Re: RAID showing all devices as spares after partial unplug

From: Phil Turmel <philip@turmel.org>
To: Jim Schatzman <james.schatzman@futurelabusa.com>
Cc: "linux-raid@vger.kernel.org" <linux-raid@vger.kernel.org>
Subject: Re: RAID showing all devices as spares after partial unplug
Date: Tue, 20 Sep 2011 00:33:05 -0400	[thread overview]
Message-ID: <4E781781.8060106@turmel.org> (raw)
In-Reply-To: <20110920010054.8DFFE581F7A@mail.futurelabusa.com>

[added the list CC: back.  Please use reply-to-all on kernel.org lists.]

On 09/19/2011 09:00 PM, Jim Schatzman wrote:
> Thanks to all. Some notes
> 
> 1) I have never gotten "mdadm --assemble --force" to work as desired.
> Having tried this on the 6-8 occasions when I have temporarily
> disconnected some drives, all that I have seen is that the
> temporarily-disconnect drives/partitions get added as spares and
> that's not helpful, as far as I can see. I'll have to try it the next
> time and see if it works.

Seems to be dependent on dirty status of the array (write in progress).  Also, you should ensure the array is stopped before assembling after reconnecting.

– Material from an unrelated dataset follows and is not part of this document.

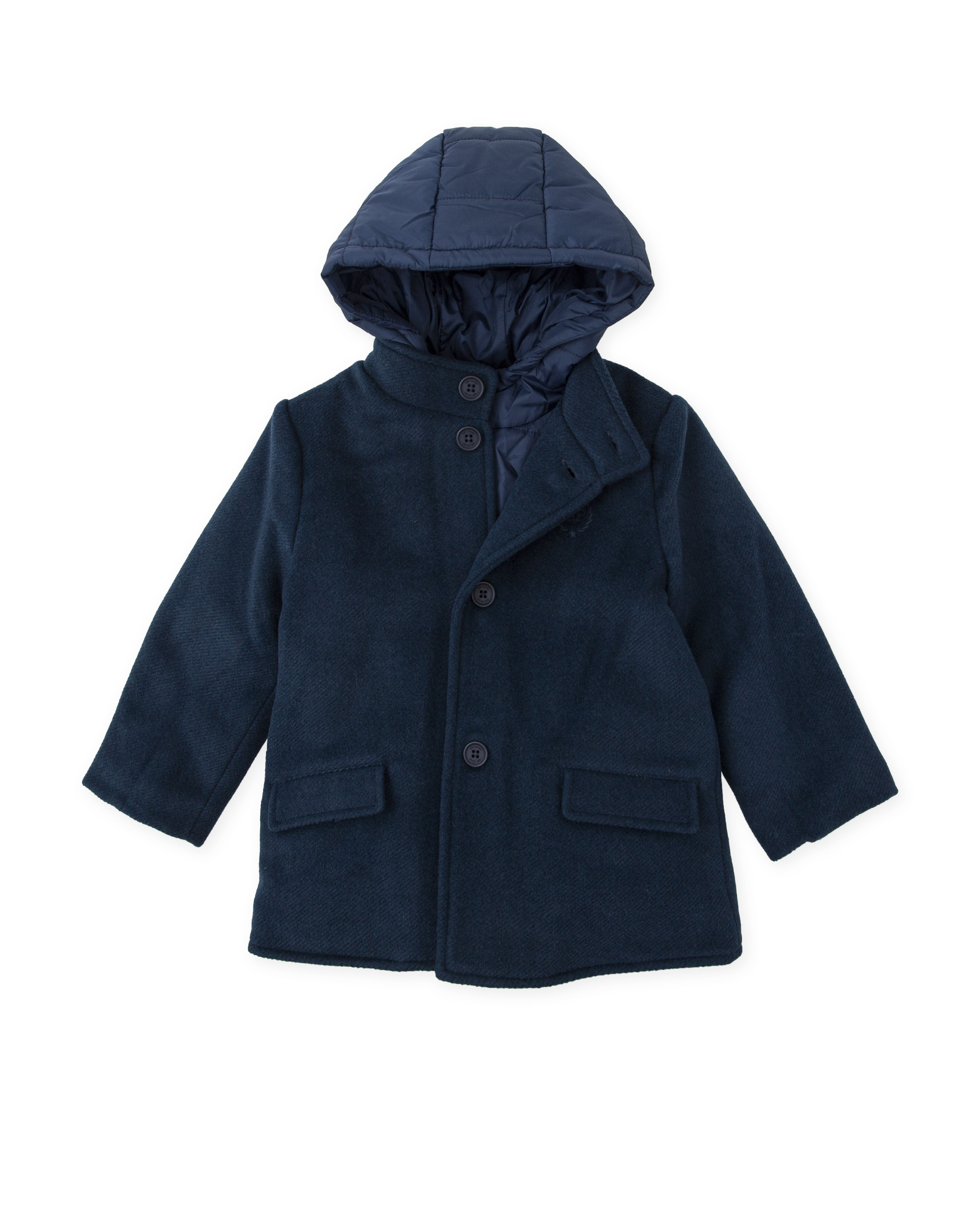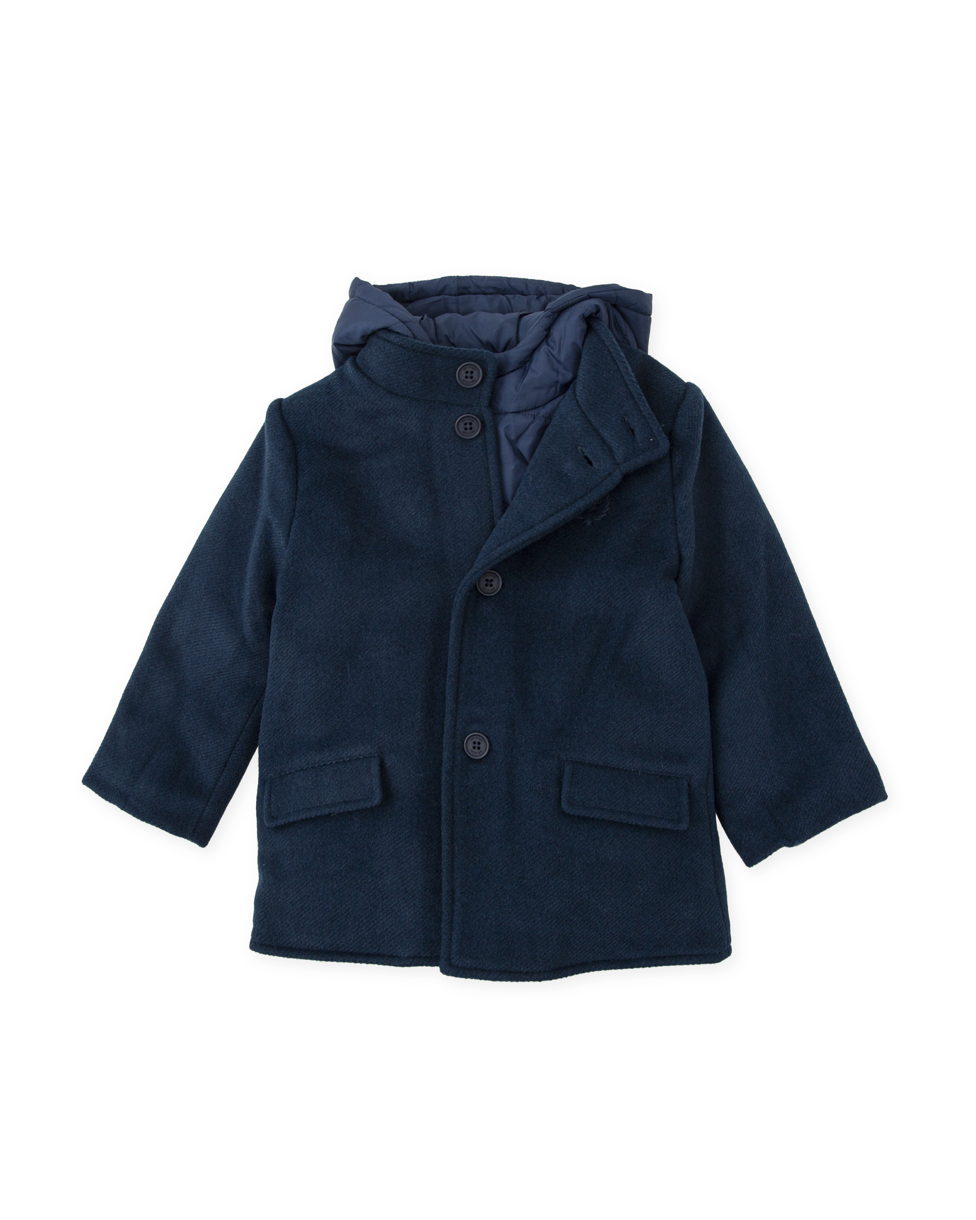 Stylish navy blue coat for boys by Spanish brand, Tutto Piccolo, made soft felted fabric with a textured diagonal rib. For a cool, layered look, it has an attached, puffer-style hood and chest insert that fastens wtih a zip. The outer coat has a standup collar, branded button fastenings and flap pockets. A tonal embroidered logo on the chest adds a discreet branded touch.

> 2) Thanks for reminding me about the --assume-clean with "mdadm
> --create" option. Very important.  My bad for forgetting it.
> 
> 3) This is the first time I have heard that it is possible to get
> mdadm/md to ignore the event counts in the metadata via environmental
> variable. Can someone please provide the details?

I was mistaken...  The variable I was thinking of only applies to interrupted --grow operations: "MDADM_GROW_ALLOW_OLD".

> I freely acknowledge that forcing mdadm to do something abnormal
> risks losing data. My situation, like Mike's, has always (knock on
> wood) been when the array was up but idle. Two slightly different
> cases are (1) drives are disconnected when the system is up; (2)
> drives are disconnected when the system is powered down and then
> rebooted. Both situations have always occurred when enough drives are
> offlined that the array cannot function and gets stopped
> automatically. Both situations have always resulted in
> drives/partitions being marked as "spare" if the subsequent assembly
> is done without "--no-degraded".

Neil has already responded that this needs looking at.  The key will be the recognition of multiple simultaneous failures as not really a drive problem, triggering some form of alternate recovery.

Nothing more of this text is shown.